**WHAT YOU WILL DO:** The records should be repeated word for word, pictures excluded.

[DATA LISTING — start]

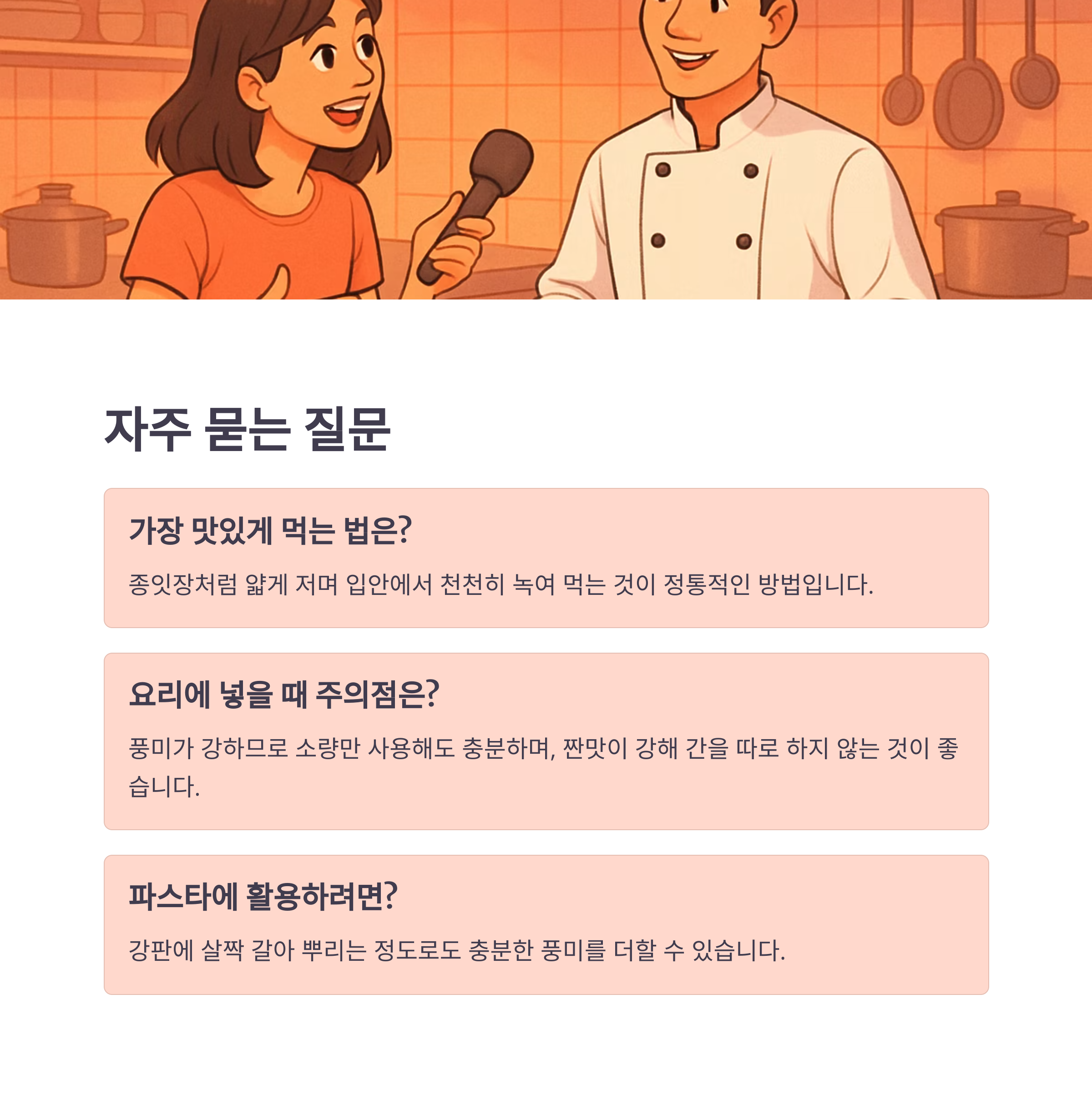 A. 어란은 풍미가 강하기 때문에 소량만 사용해도 충분하며, 짠맛이 강하므로 간을 따로 하지 않는 것이 좋습니다. 파스타나 샐러드에 활용할 때는 강판에 살짝 갈아 뿌리는 정도로도 훌륭합니다.
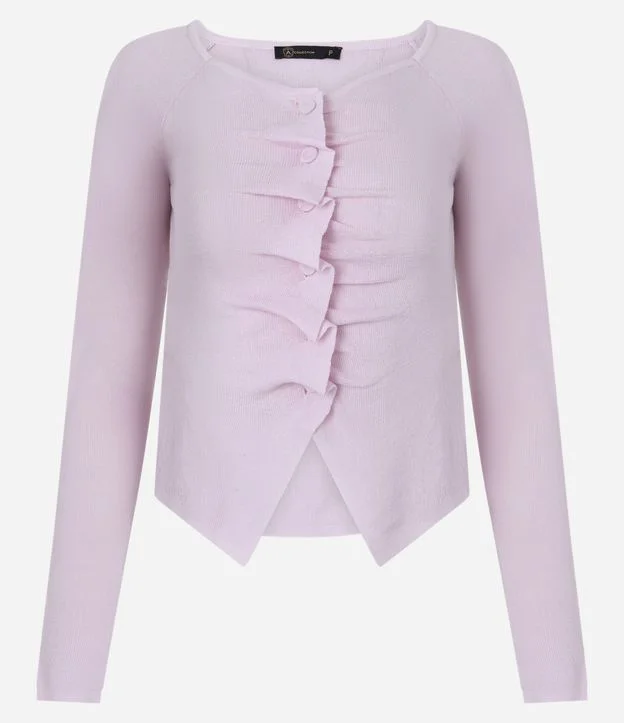 Blusa Manga Longa em Viscose com Botões e Detalhe Franzido Rosa
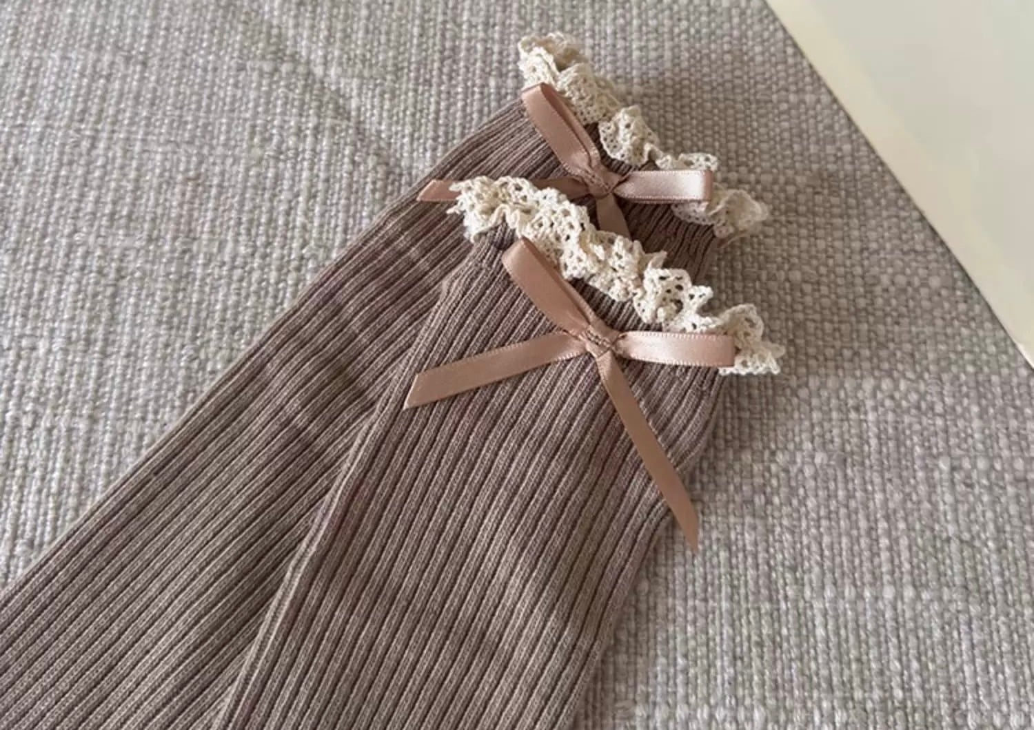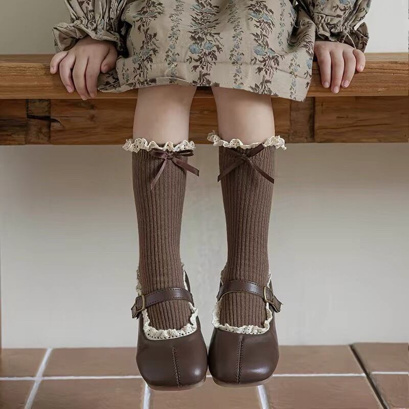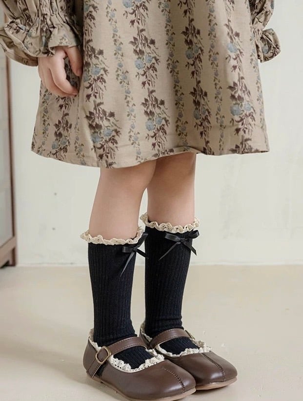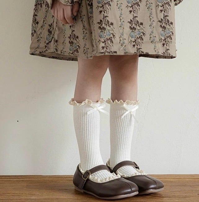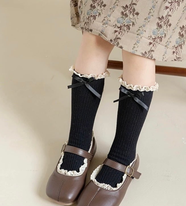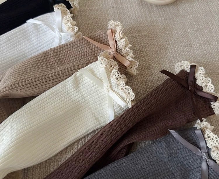レース&リボン付き リブハイソックス
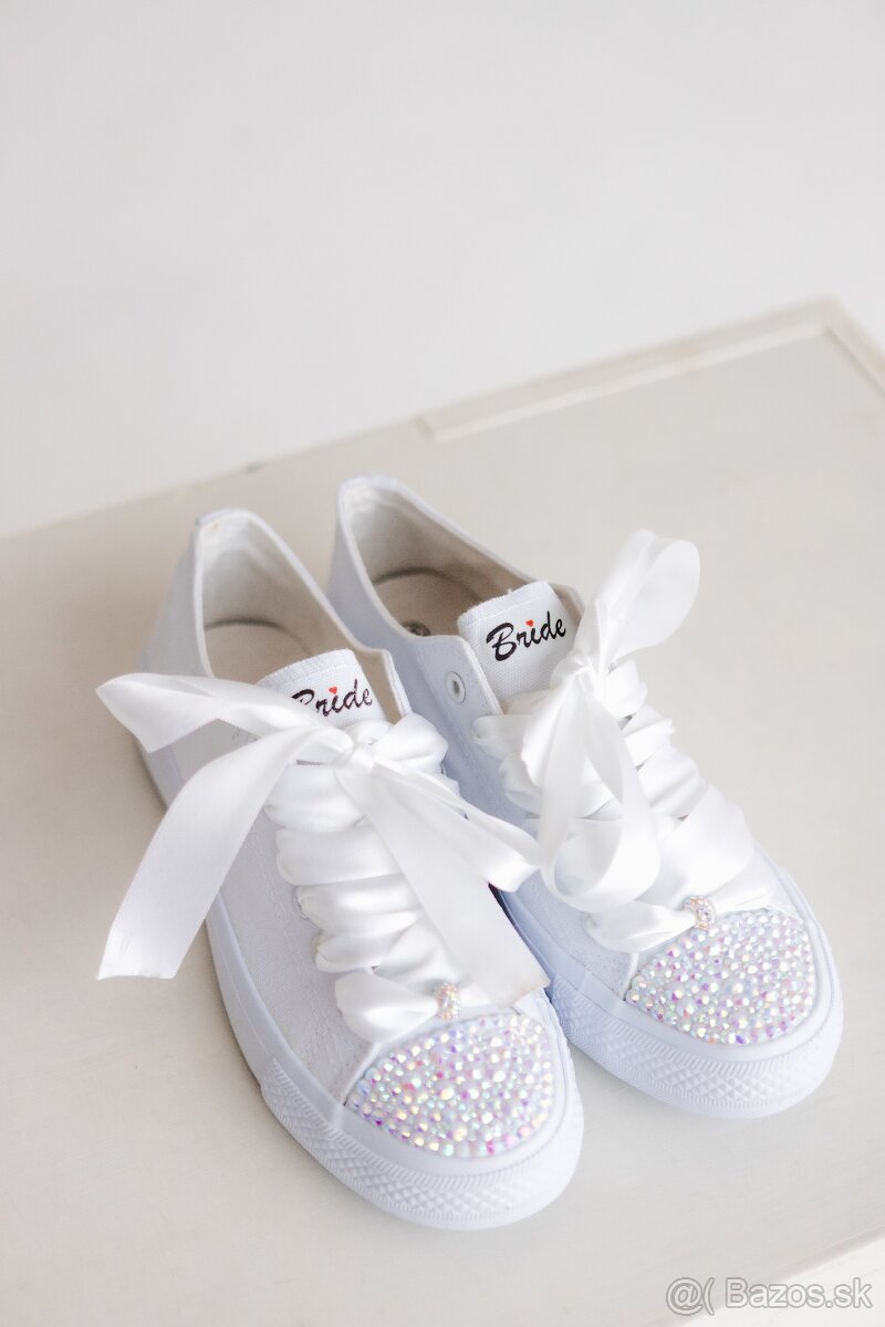 Svadobné tenisky Crystal, veľkosť 37 - [5.1. 2026]Žiarivé svadobné pohodlné tenisky nie len na svadbu:) Ručne zdobené krásnymi kamienkami, saténové šnúrky s ozdobnými krúžkami. Obľúbené u neviest ako popolnočné alebo aj celosvadbové nakoľko sú pohodlné, štýlové a elegantné. Využiješ aj na iné príležitosti. Veľkosť 37 – 23,5 cm.
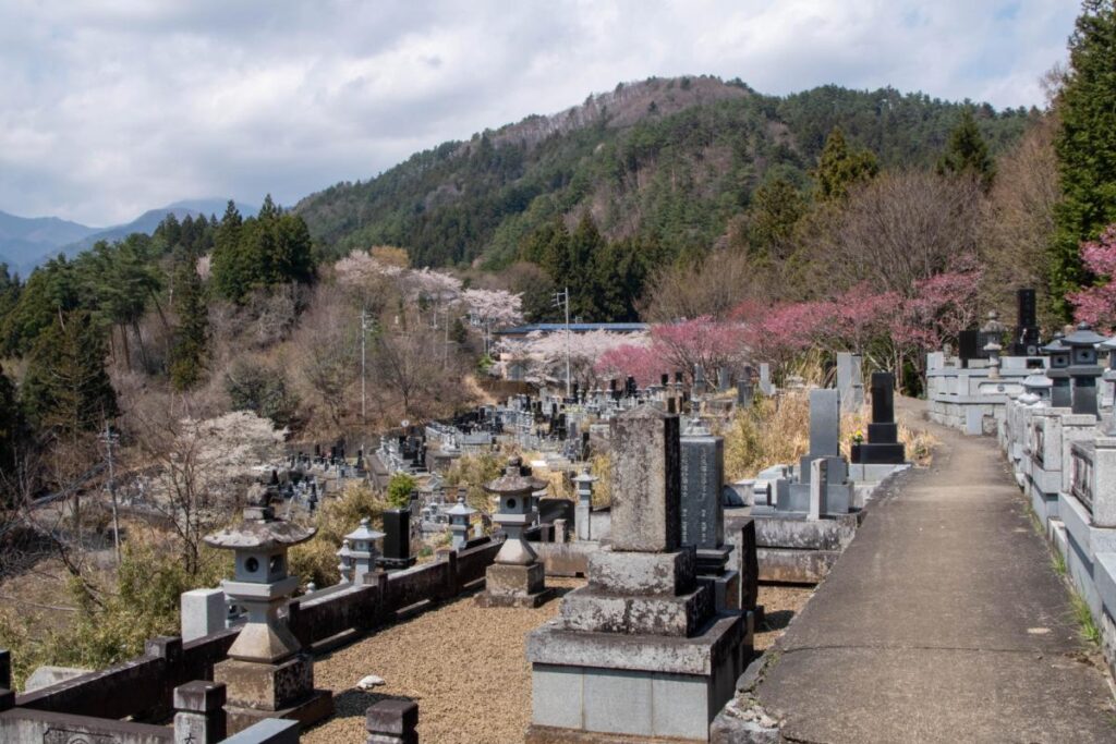 ちなみに山頂の裏手は共同墓地となっています。

[DATA LISTING — finish]

**OUTPUT BELOW:**
 A. 어란은 풍미가 강하기 때문에 소량만 사용해도 충분하며, 짠맛이 강하므로 간을 따로 하지 않는 것이 좋습니다. 파스타나 샐러드에 활용할 때는 강판에 살짝 갈아 뿌리는 정도로도 훌륭합니다.
 Blusa Manga Longa em Viscose com Botões e Detalhe Franzido Rosa
レース&リボン付き リブハイソックス
 Svadobné tenisky Crystal, veľkosť 37 - [5.1. 2026]Žiarivé svadobné pohodlné tenisky nie len na svadbu:) Ručne zdobené krásnymi kamienkami, saténové šnúrky s ozdobnými krúžkami. Obľúbené u neviest ako popolnočné alebo aj celosvadbové nakoľko sú pohodlné, štýlové a elegantné. Využiješ aj na iné príležitosti. Veľkosť 37 – 23,5 cm.
 ちなみに山頂の裏手は共同墓地となっています。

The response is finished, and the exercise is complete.